From A Woman In Indian Hip Hop
Her entry into rap? Straight survival mode. “Eminem, Tupac, Biggie—those were the ones. Watching 8 Mile flipped a switch,” she tells me. “I connected with the chaos, the struggle. It was like, if he can tell his story, maybe I can tell mine too.” And just like that, music became her lifeline. There’s something instinctive about the way she works. “I don’t prep. I let the beat take over,” she says. No elaborate rituals, no faux mysticism, just raw emotion poured into a mic. It’s not hard to imagine Reble pacing a studio, headphones on, translating every jagged memory into a lyric.
One of the most interesting things about her is how allergic she is to the idea of “fitting in”—especially when it comes to genre. “Labels don’t mean much now. Music’s all over the place, and that’s not a bad thing,” she says. She credits platforms like Instagram and TikTok for blowing up the old structure. “You don’t need someone to hand you a label anymore.

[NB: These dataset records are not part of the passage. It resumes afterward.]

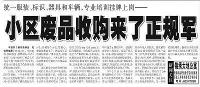 当时,丰台、朝阳、海淀、西城等区进行试点,北京共建立了200个这样的再生资源回收点。收购人员由下岗职工、特困职工以及部分外地人员组成,回收的物品由区物资回收公司统一运作。工作人员要使用统一制作的服装、标识、围栏、器具和车辆,经过专业培训后才能挂牌上岗,比如井盖、电缆和垃圾箱什么的不能收,而易燃品和废铜烂铁要分开放,以免造成安全隐患,影响小区的环境卫生。
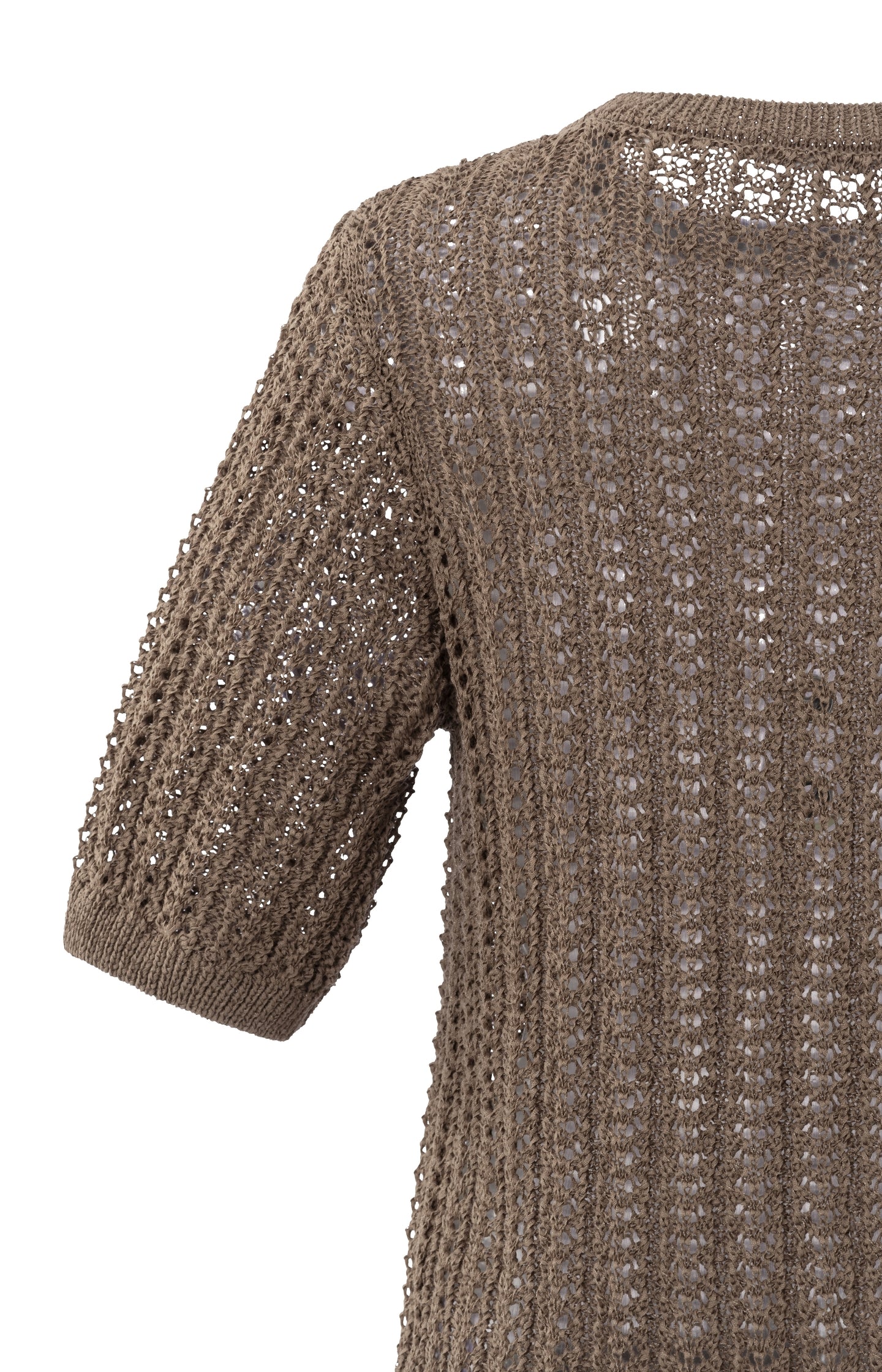 Ce pull élégant est confectionné dans une structure légère en maille ruban et présente une coupe ajustée. L'encolure ronde et les manches mi-longues rehaussées de finitions côtelées ajoutent une touche de fantaisie et de modernité. Il se marie parfaitement avec un pantalon ou une jupe pour un look à la fois décontracté et élégant. Le mannequin mesure 173 cm et porte une taille S.
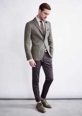 Сочетание шерстяного пиджака и коричневые шерстяные классические брюки смотрится очень эффектно и элегантно. Думаешь привнести в этот лук толику строгости? Тогда в качестве дополнения к этому ансамблю, выбери темно-коричневые кожаные туфли.
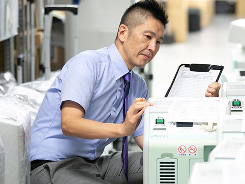 職種/仕事内容 | 仕事内容 ////// この求人のポイント ////// ✅残業月平均10時間とほぼなし! ✅土日祝休み&年間休日121日♪ ✅時間外・住宅・家族など手当充実◎ ✅年齢給による定期昇給&賞与あり! ✅正社員登用実績多数あり◎ //////////////////////////////// 繊維・化学メーカーである、帝人株式会社を 核に「マテリアル」「ヘルスケア」「IT」の 領域でグローバルに展開する帝人グループ。 当社は帝人のヘルスケア事業の一翼を担い、 医療関係者に対する医薬品の情報提供活動、 ならびに在宅医療機器などの営業・サービス を提供しています。 【多くの出会いと長いおつきあいの仕事】 あなたにお願いするのは、在宅医療機器 の設置、使い方のフォロー、定期点検など。 導入しておしまいではなく、担当している すべての患者さんと定期的にお会いして、 Quality of Lifeの向上をサポートしていく やりがいに満ちた仕事です。 【未経験スタートでも大丈夫!】 医療機器の取り扱いについては、研修や 工場見学で一つひとつ、きっちり理解。 また、専門知識を持ったチームメンバーと のOJTを通じた協働で仕事が進むため、 安心して取り組んでいくことができます。 ▼具体的には 営業担当から連絡を受け、AT社用車で 1日に訪問するのは5件ほど。 慢性呼吸不全や睡眠時無呼吸症候群など の自宅療養を始める患者さんのご自宅に 医療機器(10kg程度)を納入し、装着の 仕方やお手入れの方法などをご案内します。 また社内での患者さん情報のPC入力や 在庫確認などの業務もあります。 【患者さんの状況把握も大切な仕事の1つ】 導入後には「適切に使われているか」 「消耗品は切れていないか」など、 日常的なフォローで患者さん宅を回ります。 特に独居のお年寄りや高齢のご夫婦など、 支援が手薄になりがちな患者さんの元へは、 普段からなるべく足を運びます。 たとえば、在宅酸素療法(HOT)に使用 する酸素濃縮装置の酸素量。本来は医師が 指定しますが、いつのまにか患者さんが 勝手に変えてしまう場合があります。 その行動が体調の変化を反映していること もあるので、病院に必ず連絡を入れるよう、 営業職と連携していきます。 また、半年に1回の定期点検では、 フィルターまわりの清掃や、停電時などに 切り替わるバッテリーの充電チェックなど、 機器が最適な状態を保っているか しっかりと確認します。 【あなたのこれからの活躍に期待!】 ワークライフバランスの取れた働き方は もちろん、家族手当や産前産後休暇、 育児休職制度、そして介護休職制度など ライフイベントに寄り添う福利厚生を用意。 しっかりバックアップしますので、 2~3年後の正社員登用を目指して スキルアップに努めていって下さい。 ▼会社概要 ・設立/1994年12月 ・資本金/1億円 ・事業所/支店・営業所全国96ヶ所 ・従業員数/1810名 ※グループ連結2万1834名 (2024年3月1日現在) ・グループ会社数/国内外167社 |

You just need to be real.” And she is—especially about being a woman in rap. “People still act like it’s a thing, but I’m just a rapper,” she shrugs. “The only bit that grinds my gears is when festivals pretend to care about gender equality by tossing women on a lineup for appearances. I’m not filler—I’m a headliner.”
The trauma, the instability, the feeling of never really belonging—that’s what you hear in my music
A big theme in her work is identity—not the curated kind, but the gritty, lived-through version. “Where I come from shaped everything,” she says. “The trauma, the instability, the feeling of never really belonging—that’s what you hear in my music.” It’s not pretty, but it’s hers. And that’s the point. In case you’re wondering—no, her Notes app isn’t stuffed with song scraps or half-cooked rhymes. “I don’t write unless I’m finishing it,” she says. “I keep my bars in a notebook. My Notes app? That’s for personal stuff—how to be a better partner, things like that.” Honestly? Kind of refreshing.
Live shows are where she comes alive. “It’s the connection that gets me. That moment where you see someone in the crowd really feel it—like they know exactly where you’re coming from,” she says. “That’s the magic.”
And as for what’s next? Let’s just say she’s not playing small. “Might be an EP. Might be something bigger. But I want it to be huge. I want to put out the best music South Asia’s ever heard,” she says without blinking. “We need more women who spit fire, not just show up.” She says it like a promise. And if there’s one thing you pick up on when you talk to Reble, it’s that she doesn’t say things she doesn’t mean.